NATO was not unique in this regard. Indeed, all of the organizations that were supposed to form the basis for "a new European security architecture in which NATO, the CSCE, the European Community, the WEU and the Council of Europe complement each other," as called for in Rome, were attempting to make it up as they went along. This was not surprising, since they all reflected the national policies of their members, and their members are to a large extent the same group of nations. Even the UN was not immune, as its members and bureaucracy struggled to adjust to a new post-Cold War environment in which, for the first time, a central goal of UN peacekeeping efforts was not merely keeping a regional conflict from becoming a venue for superpower confrontation. This combination of factors directly contributed to tensions in developing smooth coordination between NATO (whose involvement in the past would have certainly heightened the risk of superpower confrontation) and the UN peacekeeping efforts in the former Yugoslavia.
The gap between NATO and the UN on peacekeeping in the former Yugoslavia was vividly illustrated by the initial Alliance efforts to respond to the first UN requests for assistance. The original UN request was for planning estimates to support the provision of humanitarian assistance to Sarajevo. Once NATO resolved its internal debate over whether or not a formal request from CSCE was required to initiate planning, the NATO Military Authorities were tasked with developing preliminary options to satisfy the UN request. Based on NATO's military assessment that a benign environment could not be guaranteed, they prepared initial force estimates to satisfy, literally, the UN requirement to "insure" the delivery of aid to Sarajevo, in a potentially hostile environment, using up to 100,000 troops.
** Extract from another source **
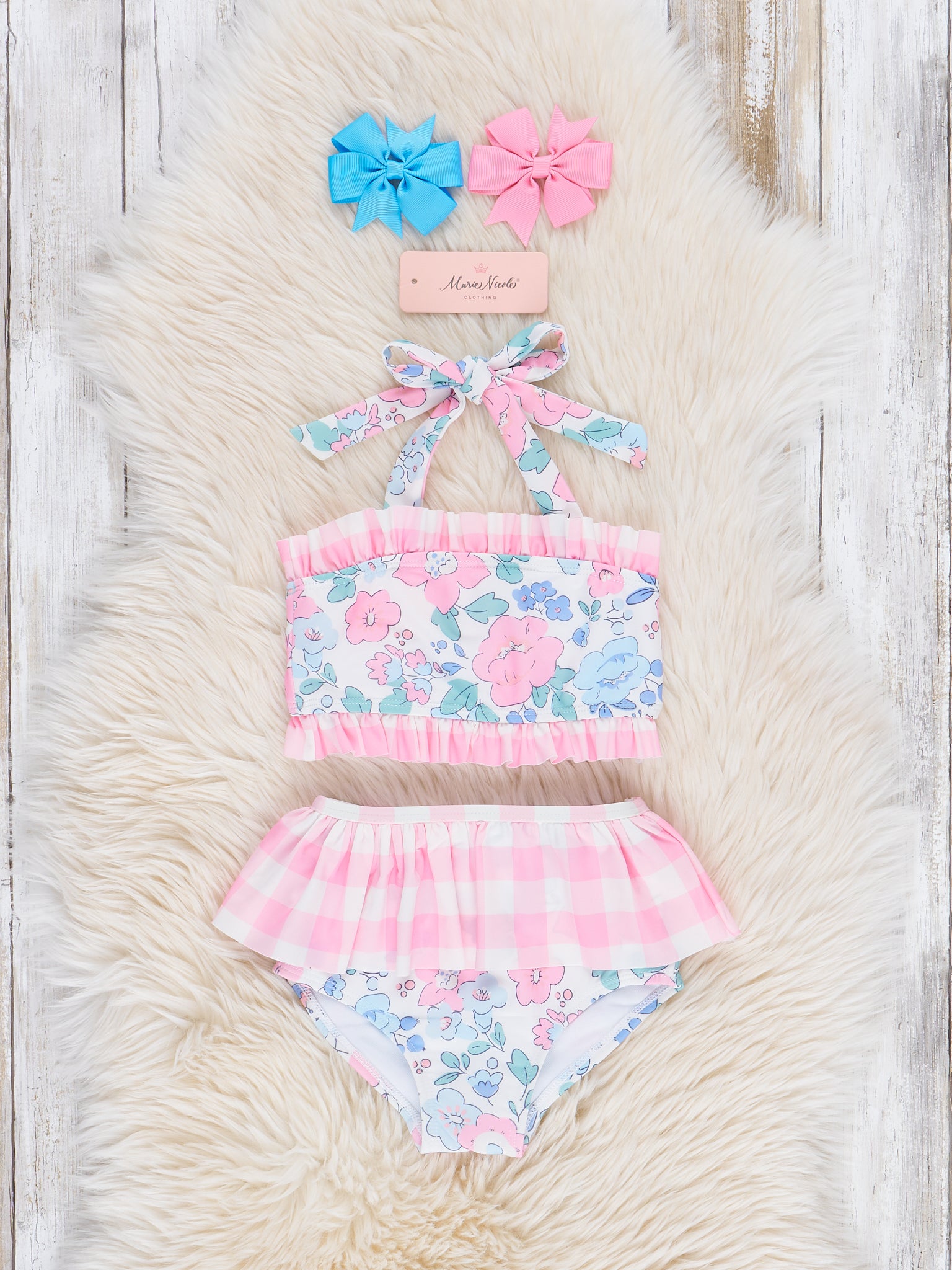 Get ready to make a splash this summer with our Cottage Floral & Gingham Halter Tie Swimsuit! This adorable girls swimsuit features a floral top with pink gingham ruffle trim and halter straps, while the floral print bottoms have a cute pink gingham peplum detail. Perfect for fun in the sun (and photoshoots by the pool)! From Marie Nicole Clothing.

UN peacekeeping officials were aghast: since their planning assumptions had always been for a permissive environment, they were looking for a plan that involved closer to 2000-4000 troops.15 Later, when the mission expanded to include areas outside of Sarajevo, the UN asked for assistance in providing an adequate headquarters. NATO was prepared to offer the mobile core of its Northern Army Group (NORTHAG) headquarters, with approximately 750 personnel and their communications equipment, for the task of coordinating UN operations that would involve isolated units spread throughout Bosnia. UN officials and several nations working within the UN feared such a large NATO contribution would be out of proportion to the UN effort, so a small cadre of under 50 NATO personnel was requested to establish the headquarters. From a military standpoint, the result was a serious degradation in the ability of the UNPROFOR-BH Commander to coordinate the actions of his forces.[footnote #16] It was not until after the December 1992 NAC Ministerial decision permitting NATO to respond directly to the UN on peacekeeping matters that a direct liaison was established between the two organizations, permitting advance coordination on such issues. NATO and the UN have since agreed that the Alliance should routinely send liaison personnel to UN headquarters in New York and to UN field operations when warranted by NATO engagement in UN peacekeeping planning and operations.
NATO's early efforts to define its role in peace support operations encountered problems with organizations other than the UN. As the various institutional players in what the Rome Declaration described as the "new security architecture in Europe" all sought to define their roles in the post-Cold War security environment, it was inevitable that some friction would occur. Perhaps nowhere was this more evident than in the approach of NATO and the WEU to Adriatic operations in support of the UN embargo on the former Yugoslavia. While official NATO and WEU statements have made every effort to put a good face on what is publicly described as the "cooperative" effort between NATO and WEU in this operation, the reality was, until the eventual merger of operations after nearly a full year, exactly the sort of competition and wasteful duplication of effort about which the United States has always been concerned.[footnote #17] In this case, the wound was, at least in part, self-inflicted. Washington pressed at first for Europe to take the lead in responding to the crisis in the former Yugoslavia, and therefore resisted initial efforts to involve NATO in the Adriatic. It was only after the WEU had determined to act, using naval assets that were also committed to the newly created NATO Standing Naval Force, Mediterranean (STANAVFORMED), that the U.S. articulated its case for the Adriatic to be a NATO operation.
By this time, however, it was politically impossible for the WEU not to become involved, since the issue had become a test of Europe's ability to respond collectively in the spirit of Maastricht. The result was an artificial division of the Adriatic into two zones, with NATO and WEU swapping from one to the other at periodic intervals. Even the current, more successful, joint NATO/WEU operation (with unity of military command maintained through the NATO chain, but responding to joint political decisions of the NATO and WEU Councils) is somewhat artificial, as the views of all the individual WEU member states could just as effectively be articulated through NATO council sessions.